Science Citation Index or SCI is a Reverse Index for references in published Scientific work. It answers the question
Who has cited this key paper from the past?
It used to be in huge tomes of small print and is now available electronically at www.isinet.com . -- [Broken link]
Summary: I found the link above to be just an annoying tease. -- John Dowd
Details: While the link above tells all about the Science Citation Index, and had many links to related citation indices, I could not find anywhere that I could actually USE the thing to search for anything. It just seemed to endlessly go on about how great and powerful it all was, with so many journals, etc.
But there's no there there. No shopping cart either, just a link for how to contact them for purchasing a product. So--all very nice to be sure, and the thing itself is indeed great--I have used the paper version in research libraries to great effect long ago. But ultimately not useful.

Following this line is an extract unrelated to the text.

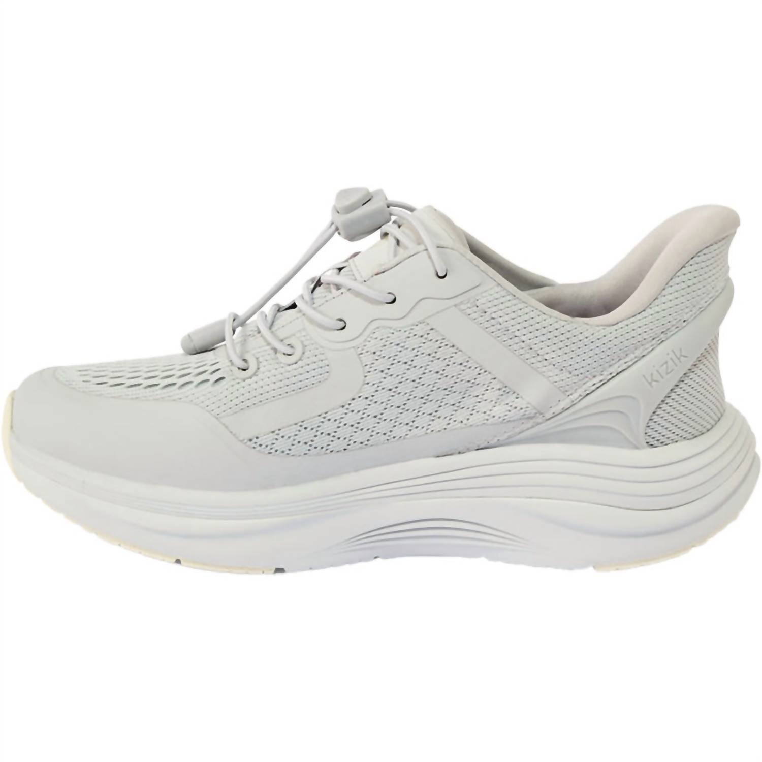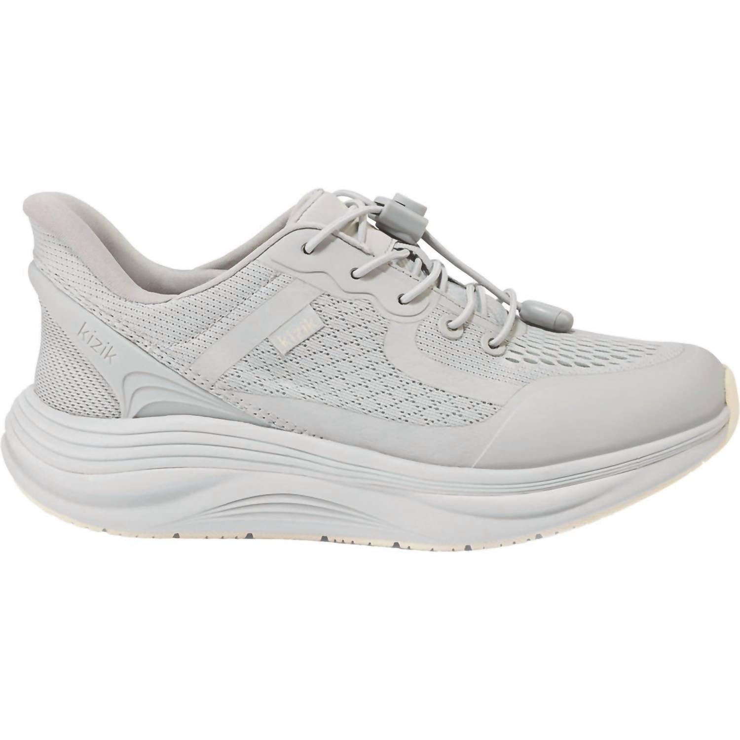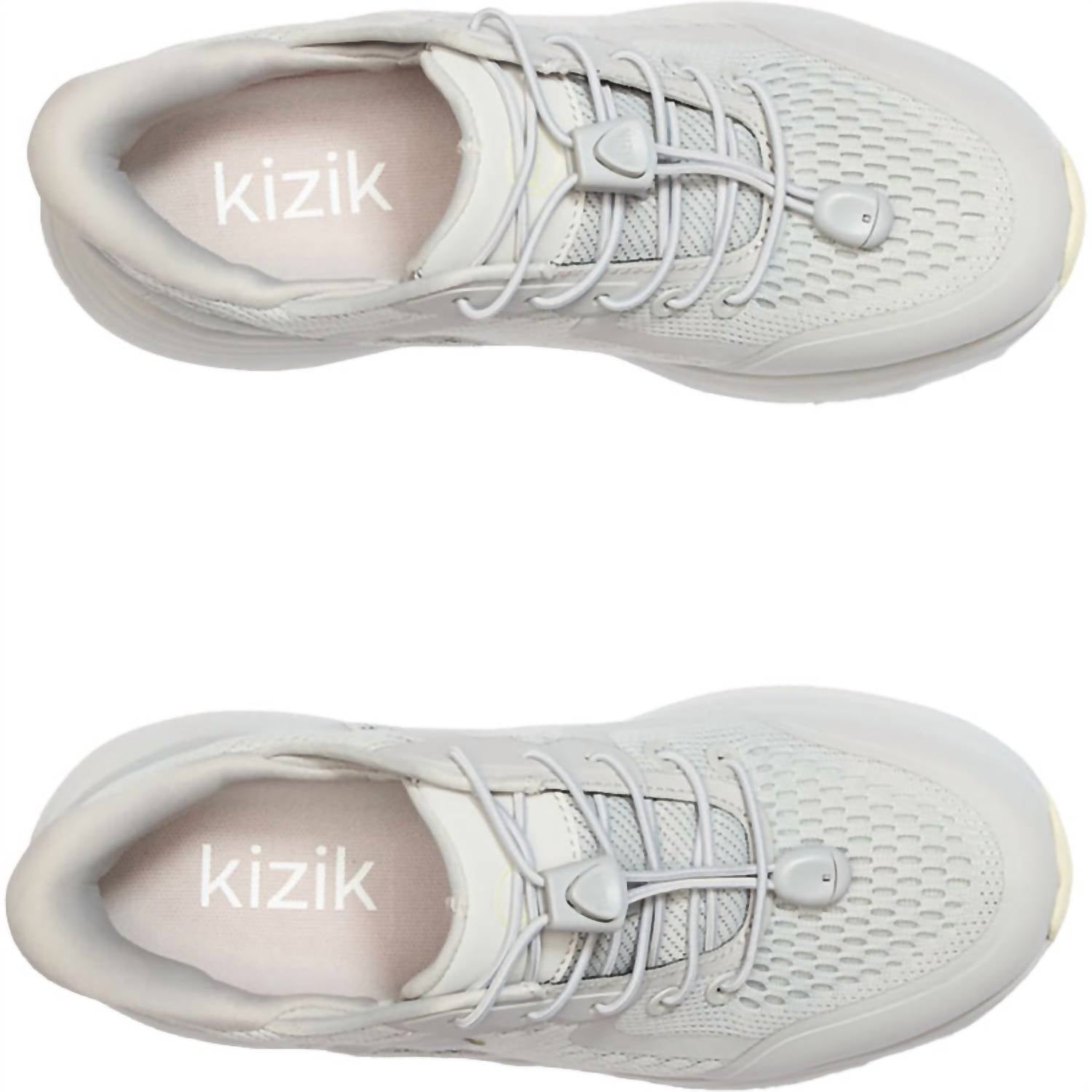 Experience the ultimate in comfort and convenience with the Women's London Walking Shoe by Kizik, presented in a serene harbor mist hue. This innovative shoe features a quick-recovery arc that flexes against the midsole for a secure hands-free fit, ideal for active lifestyles. It's the only shoe combining this level of cushioning and easy wearability, perfect for exploring the city or casual daily wear. Originating from an undisclosed location, this shoe is tailored for women seeking both style and comfort.

Now that it's electronic, it does more than just answer the question above; it's a fully operational database of the topology of the scientific literature. As well as finding which papers cite paper X, you can find which papers it cites (handy if you don't have a copy yourself), and do clever things like looking for the core papers in any field by looking for papers which are cited by many of the papers cited by some particular paper in the field you're interested in (or something).
The science citation index is the primary database used for Citation Analysis, the voodoo by which scientific papers and journals are rated.
There are other citation indexes besides the Science Citation Index. Cite Seer, in particular, is a free, online citation index for computer science which even includes full text of most of the papers it covers.